Les banques centrales interviennent pour canaliser la volatilité de leur devise.

Les réserves de change des banques centrales des pays émergents ont bondi de 4.000 à 6.100 milliards de dollars entre 2009 et aujourd'hui, selon la dernière revue trimestrielle de la Banque des règlements internationaux (BRI). Cette hausse est en partie à mettre sur le compte de leurs interventions sur le marché des changes. Avant 2008, les pays émergents ont plutôt vendu leur monnaie pour la rendre compétitive dans le cadre de la guerre des changes, menée tambour battant par des pays comme la Chine. Dans la crise, elles ont soutenu leurs devises, très attaquées, et repris leurs bonnes vieilles habitudes, des ventes de monnaies quand la conjoncture s'est un peu améliorée en 2010-2011. Depuis 2013, les pays émergents soutiennent davantage leur devise qu'ils ne cherchent à la rendre compétitive par rapport aux autres. Les émergents doivent aussi intervenir pour canaliser la volatilité de leur devise, qui trouve notamment sa source dans les mouvements erratiques d'entrée et sortie de capitaux étrangers de leurs marchés.

Les banques centrales peuvent intervenir directement sur le marché au comptant ou traiter des produits dérivés de change, ce qui leur permet d'économiser leurs munitions (réserves de change) tout en étant plus flexibles. Exemples ? Les autorités monétaires coréennes, brésiliennes et russes négocient parfois des contrats d'échange de devises (swaps) alors que le Pérou passe par le biais des contrats à terme et que la Colombie a recours aux options de change. « Un certain nombre de banques centrales sont très transparentes sur leurs interventions. Ainsi, le Chili et la Colombie ont mis en place des programmes où le montant de leurs interventions et leur durée sont annoncés à l'avance aux marchés. Cela revient à signaler que leurs actions seront limitées, prévisibles et qu'elles n'ont pas de cible explicite de taux de change », souligne la BRI.

Surprendre reste un des moyens d'être efficace

La suspicion de mener une « guerre des changes » (course à l'affaiblissement de sa monnaie) est courante dans les pays émergents. Ainsi, la banque centrale de Corée est intervenue au mois d'août assez massivement pour vendre des wons contre des dollars, sa devise ayant atteint un plus haut depuis quinze mois. Seulement, en termes réels et par rapport à un panier de monnaies, la devise est inférieure de 15 % à sa moyenne entre 2005 et 2007. Les autorités interviennent régulièrement pour obtenir un regain de compétitivité de leur devise, ce qui favorise leur excédent courant.

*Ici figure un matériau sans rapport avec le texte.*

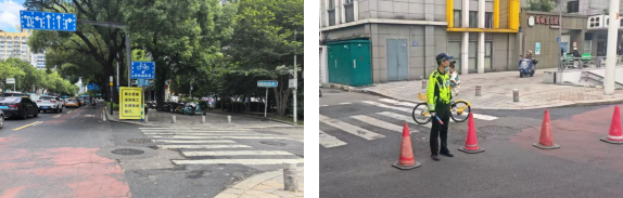 警校携手守护平安路 福州交警在温泉公园路与福寿巷交叉口部署警力疏导交通,并联合学校家委会志愿者共同护送学生,保障通行安全。

La transparence à l'égard des marchés peut aussi jouer des tours. Exemple : fin 2014, les autorités mexicaines annoncent les conditions à partir desquelles elles interviendront sur le peso. Les spéculateurs utilisent ces informations contre la banque centrale, qui jette l'éponge en février 2016. La perspective d'une victoire de Donald Trump et le regain de volatilité et de pression que cela entraînerait pour le peso nécessitent que la banque centrale ne communique pas ses plans aux marchés. Surprendre reste un des moyens d'être efficace. Une taille importante des réserves de change, un matelas de sécurité, peut aussi intimider les spéculateurs. En effet, « plus les risques augmentent, plus les intervenants de marché accordent de l'importance aux réserves de change car un niveau élevé de ces dernières signale une capacité de réaction des banques centrales face aux chocs », explique la BRI.